It is interesting to note that essentially all the civilian reactor designs are really minor respins on 1950's plutonium producers pretending to be power plants, the very short (~6 months), low burn up fuel cycle gives it away as that is how you optimise for weapons grade isotopically pure Pu.
I suspect that the only reason nuke plants were installed in the first place, was as a means of maintaining the military nuclear infrastructure -- manufacture and production, and the knowledge base of actively experienced workers and engineers.
As soon as the Cold War started to wind down, so did the construction of new nuke plants. Now that there is much less strategic emphasis on nukes (they've pretty well matured in their role, and the quantity continues to decline as far as I know), there's less need for experienced workers, and plants are even closing.
As for actual mechanisms, I don't have any explanation, no. Correlation is great, but it doesn't mean anything in and of itself! Military-industrial complex? Look for changes in the regulatory atmosphere over time, and who's responsible for those changes? Possible. Just a suspicion.
The colloquial explanation is public pressure and poor economics.
That's not terribly satisfying to me, because public opinion can be swayed (the educated generally approve of nuclear power). For the budget on these stupid things ($B's), they could handily win a freaking election* if they budgeted a modest fraction of that to education, advertising and campaigning. Do they just not have their heart in it? A mere million dollars is serious getting-people-involved money, and we're talking thousands of millions. These things can't happen without a lot of people getting involved. Wouldn't they protect their investment by involving some advertising people? (Maybe they do, but keep it mostly local, where it matters most? Idunno.)

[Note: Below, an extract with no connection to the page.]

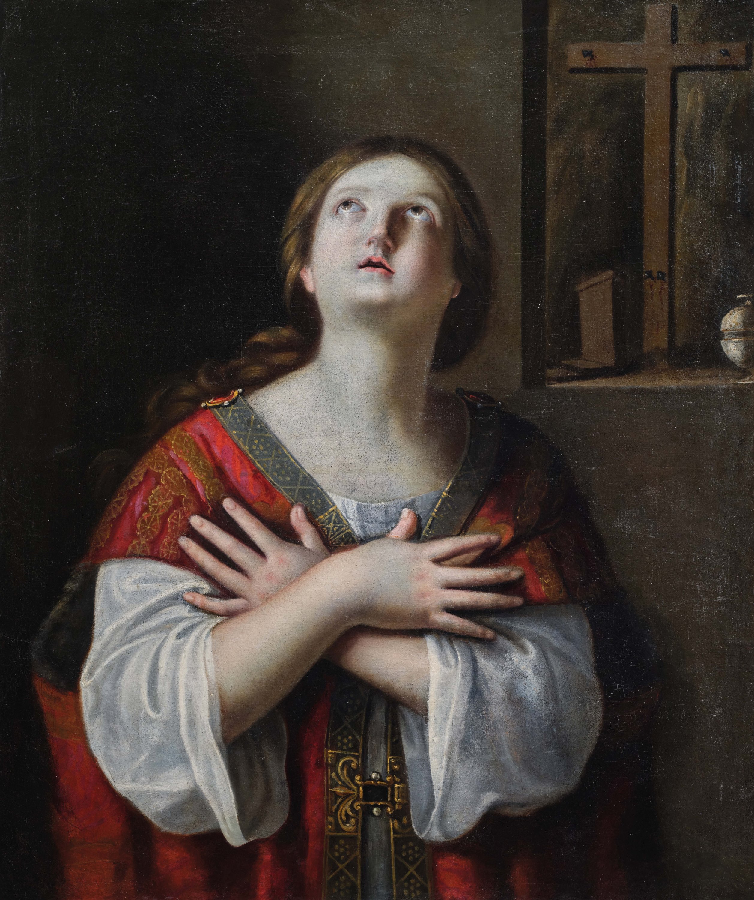 French School, ca. 1640. By the entourage of Nicolas Mignard. A painting of Saint Mary Magdalene at prayer.

*The budget of the RNC and DNC is around $1B each, at least in presidential election cycles.
As for economics, that's largely driven by the astronomically staggering amount of paperwork needed for the whole thing, top down, bottom up, every component, every weldor, accounted for, accredited and licensed. Such a massive design inevitably contains mistakes and omissions, and there is no process to handle that. When mistakes are found, it just snowballs out of control. Take the Vogtle reactors for example: stuck in contractor disputes for apparently additional
billions worth of costs and legal fees, if I've understood it correctly.
Conventional power plants aren't much less dangerous, and are built on a regular basis, without nearly as much quibbling, and much leaner budgets. Simply enough: to build nukes, apply the same regulations to them, adding only what is needed to control and protect the nuclear part of the system. They'll pop up overnight.
Maybe the designers, builders, and perhaps owners too, of conventional power plants, are the ones lobbying for restrictive nukes? No idea. Someone, something, somewhere, definitely has it against them, that much is clear.